LISTED ENTRIES
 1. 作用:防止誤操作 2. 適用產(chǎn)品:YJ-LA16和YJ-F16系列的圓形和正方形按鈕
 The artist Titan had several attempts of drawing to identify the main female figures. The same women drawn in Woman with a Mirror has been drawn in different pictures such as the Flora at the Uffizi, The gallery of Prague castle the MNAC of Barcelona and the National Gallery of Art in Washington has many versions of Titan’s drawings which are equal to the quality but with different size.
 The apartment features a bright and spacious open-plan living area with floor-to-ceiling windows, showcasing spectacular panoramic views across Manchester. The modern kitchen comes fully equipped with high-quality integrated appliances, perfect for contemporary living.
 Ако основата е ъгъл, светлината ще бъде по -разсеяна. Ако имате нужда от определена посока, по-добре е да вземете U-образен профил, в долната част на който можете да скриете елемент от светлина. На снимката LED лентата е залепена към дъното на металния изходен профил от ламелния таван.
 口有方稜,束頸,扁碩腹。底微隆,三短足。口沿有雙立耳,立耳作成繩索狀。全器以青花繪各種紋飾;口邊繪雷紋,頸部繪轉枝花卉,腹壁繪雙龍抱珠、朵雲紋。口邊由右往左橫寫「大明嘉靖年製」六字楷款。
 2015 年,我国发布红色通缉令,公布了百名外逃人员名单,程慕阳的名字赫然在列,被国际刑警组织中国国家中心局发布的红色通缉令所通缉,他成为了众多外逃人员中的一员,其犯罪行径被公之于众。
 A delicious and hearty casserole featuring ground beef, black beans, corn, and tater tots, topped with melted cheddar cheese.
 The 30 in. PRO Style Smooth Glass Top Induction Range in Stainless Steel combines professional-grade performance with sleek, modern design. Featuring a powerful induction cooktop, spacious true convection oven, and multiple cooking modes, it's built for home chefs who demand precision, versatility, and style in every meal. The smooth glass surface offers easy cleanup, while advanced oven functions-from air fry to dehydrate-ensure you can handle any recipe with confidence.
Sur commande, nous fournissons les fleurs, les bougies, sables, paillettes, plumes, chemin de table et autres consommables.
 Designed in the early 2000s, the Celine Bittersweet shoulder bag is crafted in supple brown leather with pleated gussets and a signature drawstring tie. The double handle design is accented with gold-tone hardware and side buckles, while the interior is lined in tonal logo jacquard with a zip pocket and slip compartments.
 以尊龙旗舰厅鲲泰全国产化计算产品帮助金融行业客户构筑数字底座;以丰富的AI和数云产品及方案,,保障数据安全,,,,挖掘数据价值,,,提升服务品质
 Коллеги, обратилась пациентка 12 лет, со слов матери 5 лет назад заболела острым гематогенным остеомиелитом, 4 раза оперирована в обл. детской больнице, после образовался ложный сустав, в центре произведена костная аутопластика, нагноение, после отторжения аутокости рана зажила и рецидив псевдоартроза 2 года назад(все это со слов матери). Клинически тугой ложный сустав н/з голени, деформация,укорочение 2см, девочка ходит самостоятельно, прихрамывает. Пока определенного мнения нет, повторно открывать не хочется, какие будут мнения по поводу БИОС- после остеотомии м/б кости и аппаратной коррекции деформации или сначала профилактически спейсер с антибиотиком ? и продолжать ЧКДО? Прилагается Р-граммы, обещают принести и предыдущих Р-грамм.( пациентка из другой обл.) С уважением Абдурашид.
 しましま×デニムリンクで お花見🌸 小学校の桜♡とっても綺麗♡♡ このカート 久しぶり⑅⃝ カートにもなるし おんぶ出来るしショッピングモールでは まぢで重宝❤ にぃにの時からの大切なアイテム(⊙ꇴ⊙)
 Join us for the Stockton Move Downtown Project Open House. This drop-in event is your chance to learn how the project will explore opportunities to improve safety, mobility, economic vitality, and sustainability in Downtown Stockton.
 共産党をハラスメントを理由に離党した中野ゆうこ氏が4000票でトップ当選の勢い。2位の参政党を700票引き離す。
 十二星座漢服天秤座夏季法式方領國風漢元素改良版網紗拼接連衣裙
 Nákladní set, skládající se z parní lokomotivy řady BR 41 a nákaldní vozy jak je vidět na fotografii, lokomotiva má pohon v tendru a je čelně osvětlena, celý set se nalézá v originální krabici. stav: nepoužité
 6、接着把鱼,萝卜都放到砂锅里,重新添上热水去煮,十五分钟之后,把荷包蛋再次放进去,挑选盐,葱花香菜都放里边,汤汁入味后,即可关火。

TASK STATEMENT
Print the records verbatim, stopping after the "Sur commande, nous" line.

TASK ANSWER
 1. 作用:防止誤操作 2. 適用產(chǎn)品:YJ-LA16和YJ-F16系列的圓形和正方形按鈕
 The artist Titan had several attempts of drawing to identify the main female figures. The same women drawn in Woman with a Mirror has been drawn in different pictures such as the Flora at the Uffizi, The gallery of Prague castle the MNAC of Barcelona and the National Gallery of Art in Washington has many versions of Titan’s drawings which are equal to the quality but with different size.
 The apartment features a bright and spacious open-plan living area with floor-to-ceiling windows, showcasing spectacular panoramic views across Manchester. The modern kitchen comes fully equipped with high-quality integrated appliances, perfect for contemporary living.
 Ако основата е ъгъл, светлината ще бъде по -разсеяна. Ако имате нужда от определена посока, по-добре е да вземете U-образен профил, в долната част на който можете да скриете елемент от светлина. На снимката LED лентата е залепена към дъното на металния изходен профил от ламелния таван.
 口有方稜,束頸,扁碩腹。底微隆,三短足。口沿有雙立耳,立耳作成繩索狀。全器以青花繪各種紋飾;口邊繪雷紋,頸部繪轉枝花卉,腹壁繪雙龍抱珠、朵雲紋。口邊由右往左橫寫「大明嘉靖年製」六字楷款。
 2015 年,我国发布红色通缉令,公布了百名外逃人员名单,程慕阳的名字赫然在列,被国际刑警组织中国国家中心局发布的红色通缉令所通缉,他成为了众多外逃人员中的一员,其犯罪行径被公之于众。
 A delicious and hearty casserole featuring ground beef, black beans, corn, and tater tots, topped with melted cheddar cheese.
 The 30 in. PRO Style Smooth Glass Top Induction Range in Stainless Steel combines professional-grade performance with sleek, modern design. Featuring a powerful induction cooktop, spacious true convection oven, and multiple cooking modes, it's built for home chefs who demand precision, versatility, and style in every meal. The smooth glass surface offers easy cleanup, while advanced oven functions-from air fry to dehydrate-ensure you can handle any recipe with confidence.
Sur commande, nous fournissons les fleurs, les bougies, sables, paillettes, plumes, chemin de table et autres consommables.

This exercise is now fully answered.